County Council announces a freeze on all non-essential funding

Buckinghamshire County Council has announced a freeze on non-essential spending to ensure it can meet the rising cost of looking after the most vulnerable people across Buckinghamshire.

The Council is taking decisive action to address a possible budget shortfall of almost £6m by March 2016, mainly due to increasing demand for social care for both adults and children.

Martin Tett, Leader of the Council, said: “Yesterday, my Cabinet and I agreed, in public, to a freeze on all non-essential spending until the end of the financial year to stop what could become a very challenging situation for us and the public.

“External pressures and demand for services mean we face a potential overspend, despite the fact we are a well-run, efficient Council which has saved almost £100m over the past five years.

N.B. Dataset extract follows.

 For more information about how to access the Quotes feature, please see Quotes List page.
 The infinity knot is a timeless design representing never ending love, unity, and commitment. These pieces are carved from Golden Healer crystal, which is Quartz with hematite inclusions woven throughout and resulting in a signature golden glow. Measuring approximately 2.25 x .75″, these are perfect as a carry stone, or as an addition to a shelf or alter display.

It is precisely because we are well-run that we can see the early warning signs and react to them in time.

“Many county councils across the country are facing similar difficulties, not helped by the fact that we legally have to set a balanced budget at the beginning of every financial year.

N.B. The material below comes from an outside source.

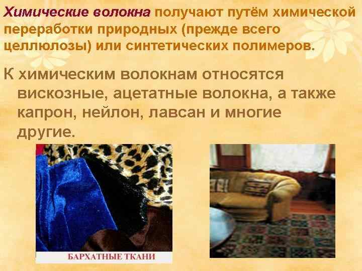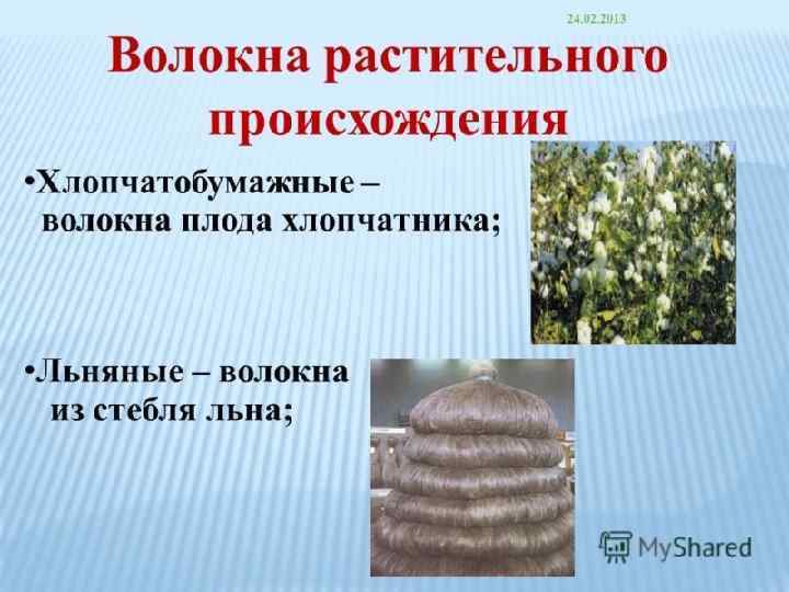 Натуральные волокна Растительного происхождения (хлопок, лен) Животного происхождения (шелк, шерсть, кожа)

“The main catalyst for our potential overspend is the significant increase in demand on services for vulnerable adults and children. There is little we can do about this because we have to give priority to safeguarding our old and our young.

“However, we can control other parts of Council spending. So, from now, spending will be frozen on non-essential, non-committed items until the end of March. By non-essential, we mean activities that we are not required to do by law. There will of course be exceptions because we have to keep the business going.

“The actions will include a freeze on the filling of non-essential vacancies. We will also be reviewing all agency and contracted posts, renewal of computer equipment, building adaptions and staff training, amongst other things. And the public will also see an impact in terms of highways and pavements maintenance, as we will need to postpone some routine repairs and improvement projects.

“I’m sorry to have to do this but if we don’t act, we could find we have no money left in reserves in a year or so.

“Managing the council’s budget is like managing your own household budget – as soon as you see the prospect of getting into debt, you tighten your belt.”